ÜNİVERSİTE RUYASI…


Bu yıl 2 milyon 265 bin aday üniversiteye başvurdu.İstikbal kazanmak için.Ancak üniversiteninher üç kontenjanından birisi yine boş kaldı. Nedenlerini iyi okumak gerek. Planlama hatası mı, yoksa üniversite diploması almak artık işe yaramıyor mu? Ya da politik popülizm mi var?

2017 de üniversite adaylar ne istediğini bilemişler ve geleceği görememiş olabilirler ki322 bin kontenjan boş kaldı. Bu da büyük bir ekonomik kayıptır. Milyonlarca liralık kaynak ve binlerce personel kadrosunun milli israf olması demektir.

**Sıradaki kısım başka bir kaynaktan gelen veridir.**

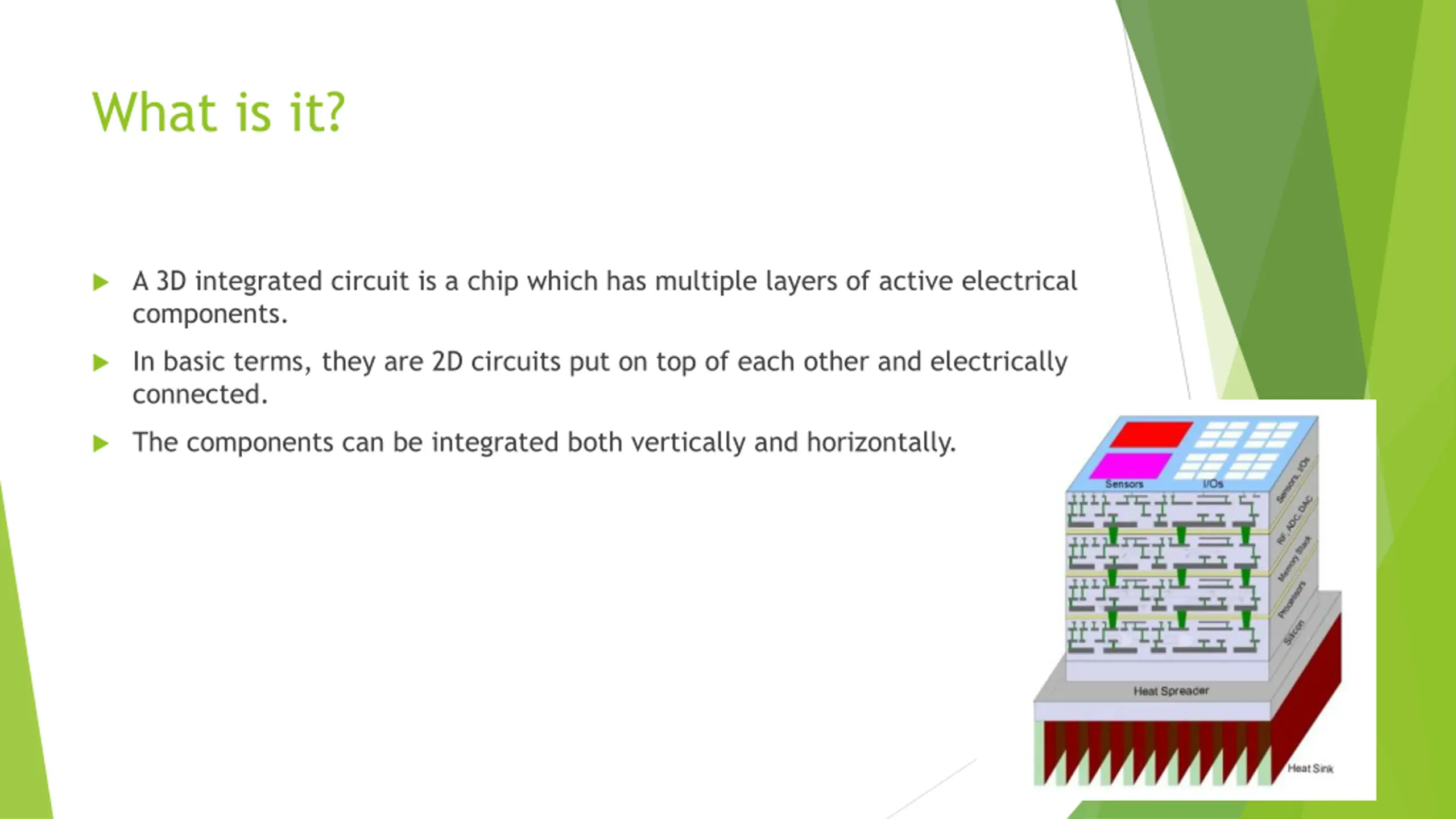 What is it? A 3D integrated circuit is a chip which has multiple layers of active electrical components. In basic terms, they are 2D circuits put on top of each other and electrically connected. The components can be integrated both vertically and horizontally.

Kontenjanların boş kalmasına bir sebep olarak, popülist yönetim yaklaşımlarıyla hiç ihtiyaç olmayan bölümlerin gereksiz yerlerde açılmış olması olabilir. Hiç tercih yapılmayan, bir iki öğretim üyeli fakülteler ve yüksekokulların varlığından söz edilmesi, bir yere üniversite açılmasının şartlarını ve kriterlerinin ne olması gerektiğini de gündeme getirdi.

 YÖK, ciddi bir planlama yapılmadan açılan fakültelere ve bölümlere eğitime başlama izni vermemesi isabetli bir yaklaşım olabilirdi.

Yine ÖSYM, kontenjanların doldurulması için zorlaştırma yerine kolaylaştırıcı bir çaba harcayabilirdi. Siyasi irade, yükseköğretimin yaygınlaşması için büyükimkânlar sundu ama YÖK bilimsel olarak bunu iyi değerlendirememiş ve planlayamamış olabilir.

MEB, öğrencileri yüksek eğitime hazırlamada, ülkenin insan kaynaklarını planlamada, bu plana uygun olarak yönlendirme ve rehberlik etmede eksiklikleri olmuş olabilir.Cumhurbaşkanımız Recep Tayyip Erdoğan’ın dikkat çektiği, eğitimin ve bilimin gücünü yeterince anlamamış olabilirler. Bütçeden en büyük payı alan eğitimin, finansal yönetimini iyi yapamamış olabilirler.

Dünyanın iyi üniversitelerinde her kontenjana kayıt başına bütçe ayrılırken, biz de ayrılan bütçenin her yıl sabit kalması da üniversiteleri, kontenjanlarının boş kalmasına teşvik etmiş olabilir.

YÖK’ün binlerce diplomalı işsizin olduğu bölümleri fazlasıyla açması  bir kısım vakıf üniversitelerinin şişirilmiş kontenjanlarına ve burs aldatmacasına seyirci kalması da kontenjanların boş kalmasında etkili olmuş olabilir.

YÖK ,ABsürecinde, AB ülkelerinin seviyesine çıkarmak için fiziki yapılanmaya ve öğrenci sayısının artmasına önem verdi.Öğrenci sayısı şişirildi. Kalite ikinci plana atıldı.Öğrencilerin mezun olduktan sonrası pek düşünülmemiş olması da öğrencileri sonuçta bir meslek sahibi olamayacakları bölümlerde fuzuli okumaktan caydırmış olabilir.

 Son üç yılda 400 bin öğrenci üniversiteyi bırakmış olması ve artık işsizlik sıralamasının en tepesinde üniversite mezunlarının olmaya başlaması düşündürücüdür.

Batılı ülkelerde eğitimi yapılan meslek sayısı 15 bini bulurken, bizde bin taneyi bulmaması, Üniversitelerimizin Yeni Türkiye’nin imkan ve şartlarına göre yeniden inşasını da gerekli kılmaktadır. Yoksa üniversitelerin gereksiz bölümlerinde öğrenciler meslek sahibi olma rüyası görmeye devam edecekler… Bu rüyadan uyananlar ise kontenjanları boş bırakacaklardır.